Clement Clarke Moore and Father Christmas

But it was four decades earlier that an anonymous poem believed to have been written by Clement Clarke Moore on December 23 1823 for the Sentinel of Tory, New York, the modern image of Father Christmas developed. That poem was titled ‘A Visit From St. Nicholas’, commonly known as ‘The Night Before Christmas’ or ‘Twas The Night Before Christmas’. First and arguable the most famous Father Christmas story. A book for any collection, it describes the visit of St Nick to a home. It describes the sleigh and reindeer landing on a roof, a figure climbing down a chimney, filling stockings left by the chimney and the figure flies off into the night.

A story told to child in one form or another. Here is the myth of Father Christmas. The collection of all the pagan mythology and Christianity rolled into one. If there is a starting point for the modern story of Father Christmas, this is a good a starting point as any.

Father Christmas Traditions

Traditions have grown up around Father Christmas. Traditionally in Britain letters to Father Christmas were burnt on an open fire, so that the wish list would transport itself up the chimney and to its destination. With the lack of open fire places and the advance of the internet, postal systems promise a return letter from him. New traditions are appearing. A child’s visit to see Father Christmas at a school fete or in a department store to tell him what they would like, is still very popular. Many stores like Selfridges in London having spectacular Christmas Grottos and in Melbourne, Australia, the Myer Christmas windows are a must see event during the festive season.

Father Christmas and Christmas Eve

On Christmas Eve it is a tradition in Britain for sherry, mince pies and a carrot to be left out and in North America a glass of milk and cookies, for Father Christmas and his reindeer. Sadly even political correctness seems to have taken over for Father Christmas. Drink driving now a major issue for Father Christmas. Ask any Father Christmas these days in his Grotto what he would like to have left out on Christmas Eve, water or milk is almost the norm. The final ritual on Christmas Eve is the hanging out of the stocking, in the hope it will be filled with toys. And for many they will find the stocking at the bottom of their bed on Christmas Day morning. The other presents laid beneath the Christmas Tree.
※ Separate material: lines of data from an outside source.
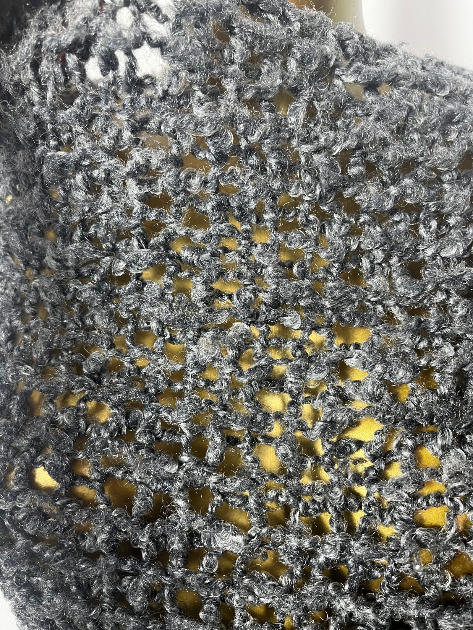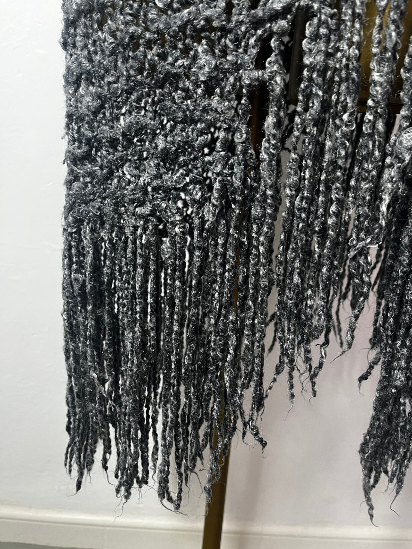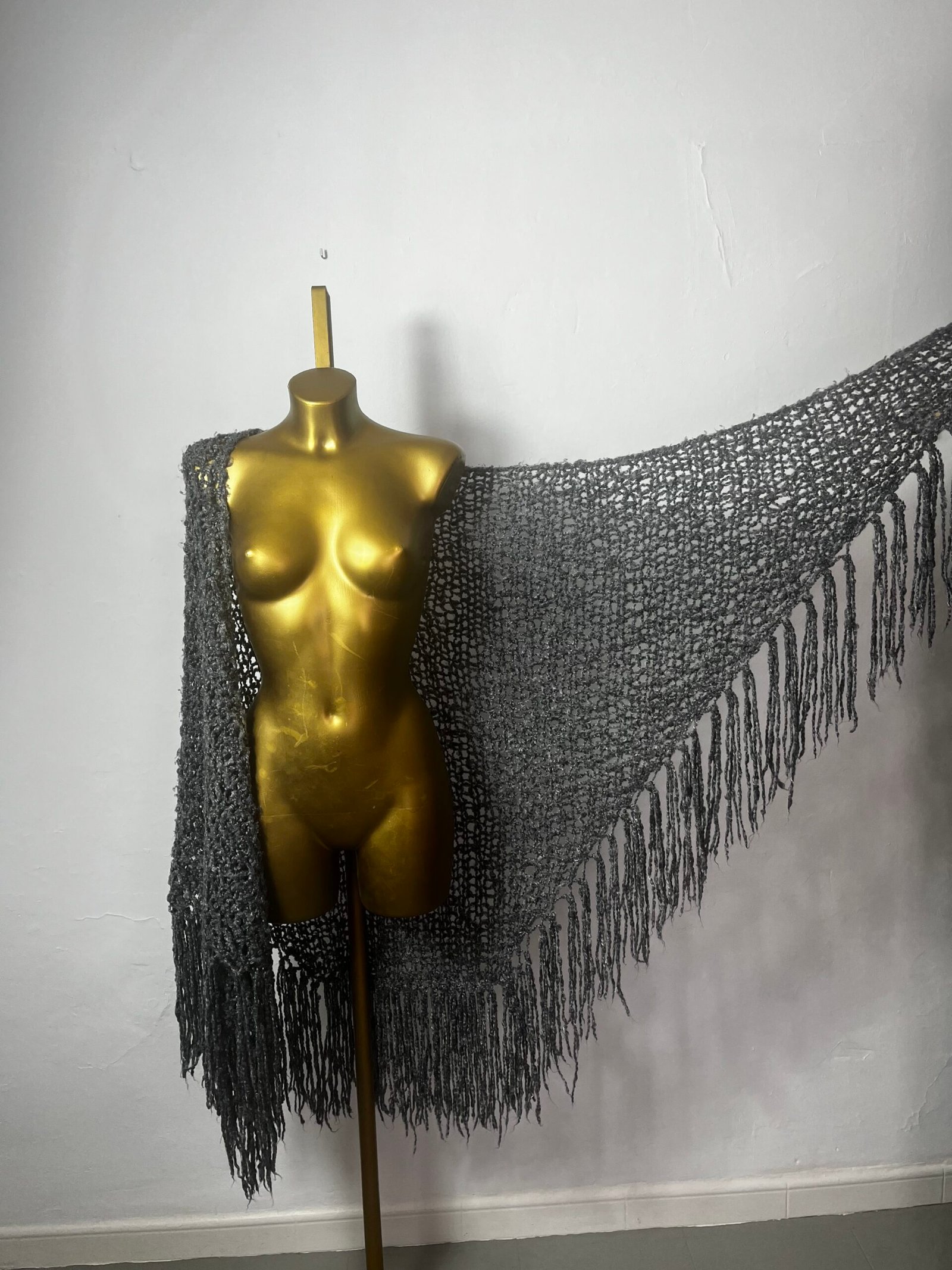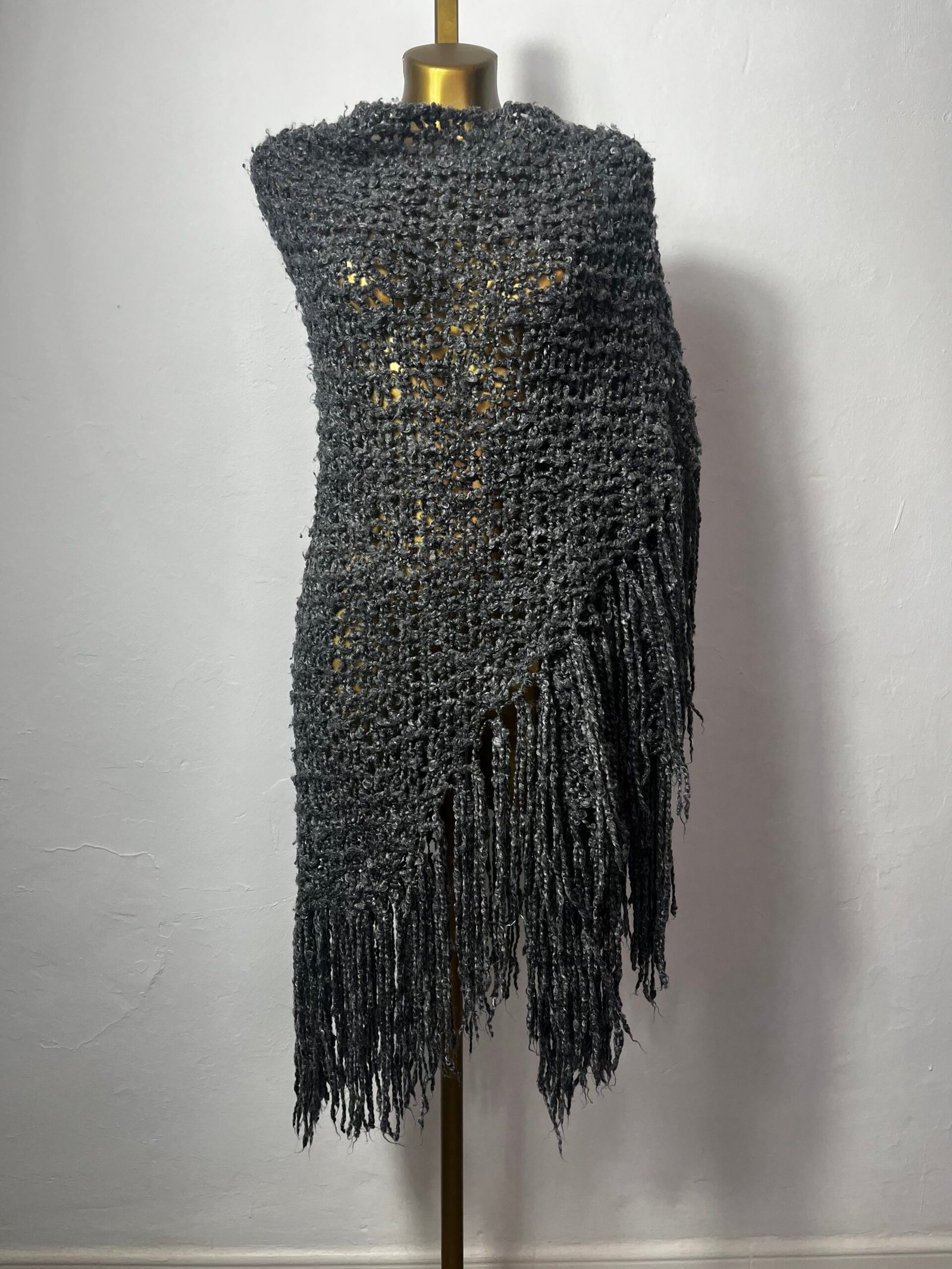 Mantón hecho a mano, de lana gris, con flecos. Es bastante grande.
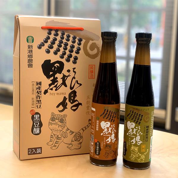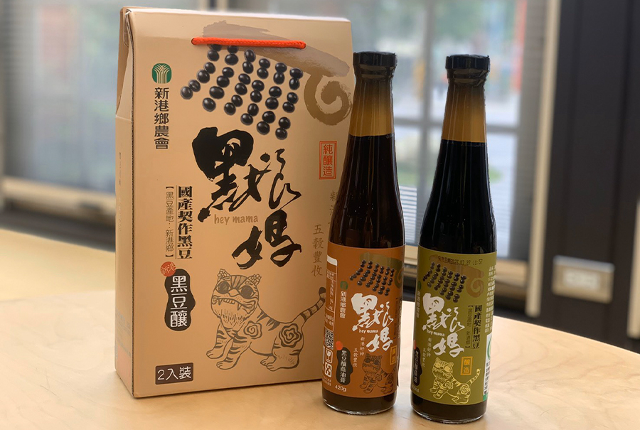 我們嚴選代工廠商,陸續開發黑豆系列產品-蔭油、蔭油膏、黑豆茶、黑豆粉等,讓消費者有更多元的選擇,並以新港鄉在地媽祖信仰為核心,設計在地品牌「黑娘媽」,並隆重在觀摩會中發表上市,期許新港好神讓新港在地農產五穀豐收,保證民眾享用可靠實在的農特產品。
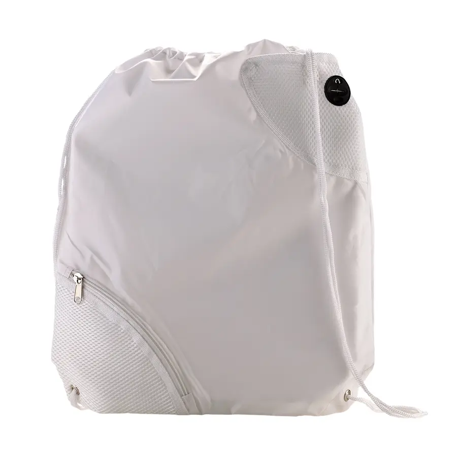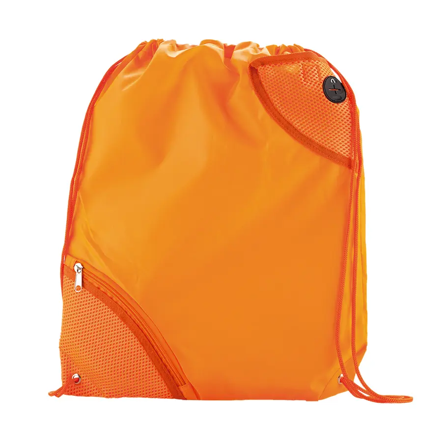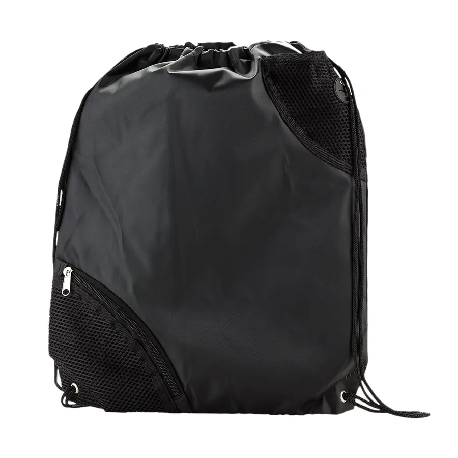 Poliéster, bolsillo exterior en malla con cremallera y bolsillo exterior con cierre en velcro, cordón para cerrar y cargar.

Father Christmas has moved from a pagan mythical figure, to bishop with a white robe (as celebrated in Holland) to a jolly, plump white bearded man in a red coat and trousers with, white fur trimmings, a big black belt and black boots. No one knows where he lives. In North America it is the North Pole, in Europe somewhere in the Arctic Circle but the myth continues. What is known, he will deliver to the good child and not to those on the naughty list. A tradition dating back to Odin.